Based on the message written in the label L1 or L2, the designer
can identify the associated transition state and recognize, by
intuition, how to reach the associated transition state.
[0059] For example, a sequence of character strings "Request Wait*"
which means transitions to be made to reach state S1 starting from
state S0 is written in the label L1. The sequence of character
strings "Request Wait*" means that state S1 is reached by repeating
"Wait" zero or more times after occurrence of "Request."
[0060] The message written in each of the labels L1 and L2 is only
required to have information that enables identification of the
associated state and to be expressed in such a manner as to allow
the designer to understand it easily. For example, an ID for
identification of the associated transition state may be written in
each of the labels L1 and L2.
[0061] An exemplary technique by which the finite state machine
generation section 202 generates the state transition graph 400
will be described below.

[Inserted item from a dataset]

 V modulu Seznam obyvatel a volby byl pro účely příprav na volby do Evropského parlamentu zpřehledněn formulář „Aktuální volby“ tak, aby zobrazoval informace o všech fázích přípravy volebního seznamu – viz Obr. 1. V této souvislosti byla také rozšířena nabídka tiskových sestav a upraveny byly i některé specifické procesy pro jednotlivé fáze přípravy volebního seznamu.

First, state transition algorithms will be
described. FIG. 5 illustrates specific examples of state transition
algorithms. In FIG. 5, characters "p" and "q" are regular
expressions representing transition conditions and ".epsilon."

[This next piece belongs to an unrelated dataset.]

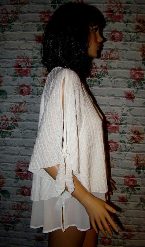 Заказы через кнопку «Купить» я не оформляю(есть на то причины) В новом состоянии - была одета 1 раз,двухслойная ткань - низ шифоновый,верх мелкая вязка в широкий рубчик(очень тянется,шифон не тянется),размер указан M/L.но из-за особенности фасона универсальный - на манекене(S,XS) тоже смотрится Ширина по талии 120 см,длина 56/61 см(сзади длиннее),ширина между подмышками 57 см,рукав 38 см(от выреза),низ 136 см (по бокам разрезы по 12 см Доставка и условия продажи: 100% оплата на карточку,доставка Новой или Укрпочтой или самовывоз - Киев(Троещина) возврата,обмена нет через кнопку "купить" я не оформляю,т.к.заранее не знаю номер отделения

denotes an epsilon transition.
[0062] In item (1) of FIG. 5, the transition branch between states
Sa and Sb is correlated with a regular expression "pq" which
represents a transition condition. Develop the regular expression
"pq"; then, this transition branch becomes such that a transition
is made from state Sa to state Sc and then to state Sb.
[0063] As for the newly generated state Sc in the transition branch
from state Sa to state Sb, a label La for identification of state
Sc is stored in the memory so as to be correlated with state Sc.

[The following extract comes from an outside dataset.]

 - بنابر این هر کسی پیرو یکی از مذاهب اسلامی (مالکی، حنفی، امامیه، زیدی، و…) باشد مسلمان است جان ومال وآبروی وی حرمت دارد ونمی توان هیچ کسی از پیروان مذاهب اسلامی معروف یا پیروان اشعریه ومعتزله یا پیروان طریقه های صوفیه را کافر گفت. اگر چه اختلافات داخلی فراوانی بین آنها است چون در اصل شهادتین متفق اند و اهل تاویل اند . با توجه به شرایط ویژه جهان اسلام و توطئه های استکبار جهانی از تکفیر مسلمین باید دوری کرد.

The label La has a message "Lp" in which the character string "p"
representing a transition condition of the transition from state Sa
to state Sc is added to a message L of a label La which is
correlated with state Sa.
[0064] In item (2) of FIG. 5, the transition branch between states
Sa and Sd is correlated with a regular expression "p*" which
represents a transition condition. Develop the regular expression
"p*"; then, this transition branch becomes such that first an
epsilon transition is made from state Sa to state Se, then
self-looping is performed zero or more times at state Se, and
finally an epsilon transition is made from state Se to state
Sd.
[0065] As for the newly generated state Se in the transition branch
from state Sa to state Sd, a label Le for identification of state
Se is stored in the memory so as to be correlated with state Se.
The label Le has a message "Lp*" in which the character string "p*"
representing self-looping at operation Se is added to a message "L"
of a label La which is correlated with state Sa.
[0066] In item (3) of FIG. 5, the transition branch between states
Sa and Sf is correlated with a regular expression "p|q" which
represents a transition condition. Develop the regular expression
"p|q"; then, this transition branch is converted into two
transition branches, that is, a transition branch that is taken as
a transition branch from state Sa to state Sf when a transition
condition "p" has occurred and a transition branch that is taken
when a transition condition "q" has occurred.
[0067] The state transition graph 400 shown in FIG. 4 can be
generated by developing the regular expressions (i.e., the signal
variation patterns each of which is defined by "sequence")
described in the interface specification description information D1
by using the state transition algorithms of items (1)-(3).
[0068] Next, a procedure for generating the state transition graph
400 on the basis of the interface specification description
information D1 of FIG. 3 will be described. FIGS. 6-8 illustrate a
procedure for generating the state transition graph 400. In FIGS.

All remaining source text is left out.